§ DATA SECTION:
- - - -

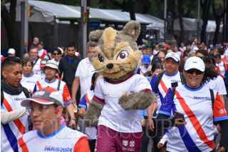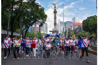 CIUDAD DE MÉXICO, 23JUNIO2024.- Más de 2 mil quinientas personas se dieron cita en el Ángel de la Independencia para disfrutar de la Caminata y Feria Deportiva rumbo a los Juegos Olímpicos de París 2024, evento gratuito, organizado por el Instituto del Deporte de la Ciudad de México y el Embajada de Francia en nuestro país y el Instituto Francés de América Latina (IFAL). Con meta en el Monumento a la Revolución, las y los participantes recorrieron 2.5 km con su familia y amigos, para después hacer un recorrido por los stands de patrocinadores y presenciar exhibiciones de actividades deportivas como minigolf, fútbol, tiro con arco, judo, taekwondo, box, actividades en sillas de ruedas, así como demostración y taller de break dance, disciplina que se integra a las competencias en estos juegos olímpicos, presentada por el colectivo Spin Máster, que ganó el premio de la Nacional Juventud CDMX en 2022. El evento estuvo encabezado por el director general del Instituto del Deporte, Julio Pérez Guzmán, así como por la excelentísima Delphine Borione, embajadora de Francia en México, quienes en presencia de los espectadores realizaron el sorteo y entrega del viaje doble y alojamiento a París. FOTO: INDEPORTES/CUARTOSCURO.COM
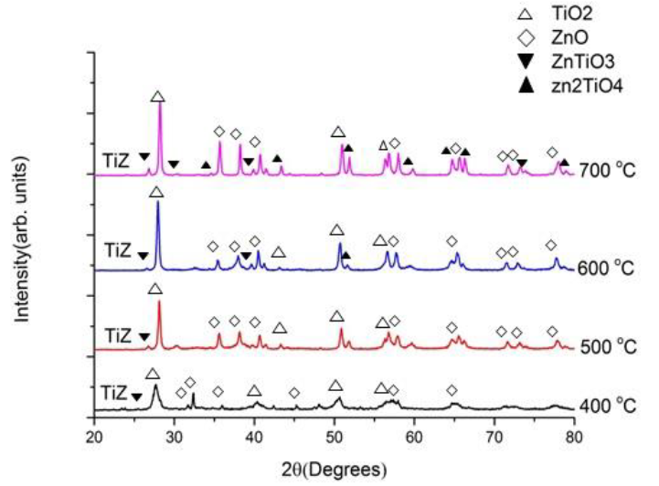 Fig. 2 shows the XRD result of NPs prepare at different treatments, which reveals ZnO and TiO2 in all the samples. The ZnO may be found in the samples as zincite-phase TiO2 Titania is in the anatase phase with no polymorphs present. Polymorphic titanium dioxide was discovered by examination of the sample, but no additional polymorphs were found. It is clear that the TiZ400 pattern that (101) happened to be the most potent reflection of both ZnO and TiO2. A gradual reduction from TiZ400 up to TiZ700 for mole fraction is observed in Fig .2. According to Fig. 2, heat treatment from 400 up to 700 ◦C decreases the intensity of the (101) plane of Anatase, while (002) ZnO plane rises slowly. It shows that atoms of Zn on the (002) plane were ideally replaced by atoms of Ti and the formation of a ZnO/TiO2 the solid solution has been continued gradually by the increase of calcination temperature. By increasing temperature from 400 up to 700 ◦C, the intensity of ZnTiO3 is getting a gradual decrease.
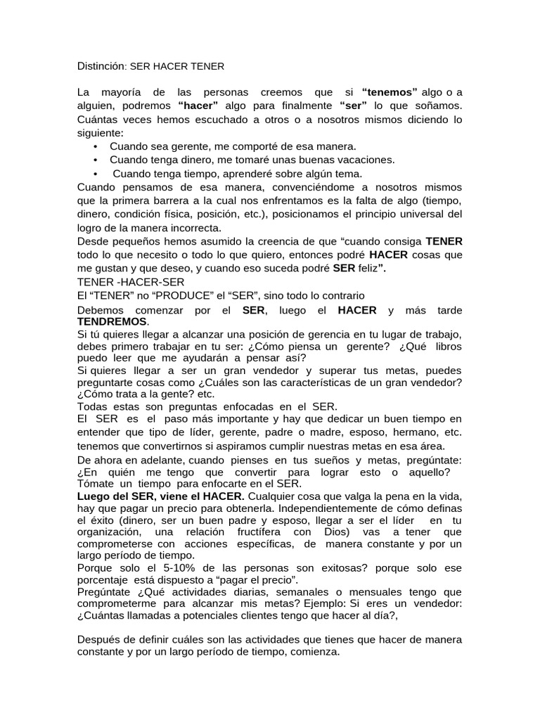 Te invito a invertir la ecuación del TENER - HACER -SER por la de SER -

- - - -

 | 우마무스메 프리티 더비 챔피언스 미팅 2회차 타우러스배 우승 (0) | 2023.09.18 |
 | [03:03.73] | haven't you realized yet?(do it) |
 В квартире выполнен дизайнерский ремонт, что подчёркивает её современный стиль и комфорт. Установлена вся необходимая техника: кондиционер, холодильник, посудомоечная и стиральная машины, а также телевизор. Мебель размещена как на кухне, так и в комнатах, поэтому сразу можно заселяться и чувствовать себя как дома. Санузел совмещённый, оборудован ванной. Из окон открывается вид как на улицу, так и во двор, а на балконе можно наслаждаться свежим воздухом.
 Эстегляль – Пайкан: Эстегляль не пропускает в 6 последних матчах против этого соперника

- - - -

§ WORK TASK:
Output should match, line for line, the stretch of the material above from the line holding "(0) | 2023.09.18 |" through the line holding "yet?(do it) |".

§ RESPONSE:
 | 우마무스메 프리티 더비 챔피언스 미팅 2회차 타우러스배 우승 (0) | 2023.09.18 |
 | [03:03.73] | haven't you realized yet?(do it) |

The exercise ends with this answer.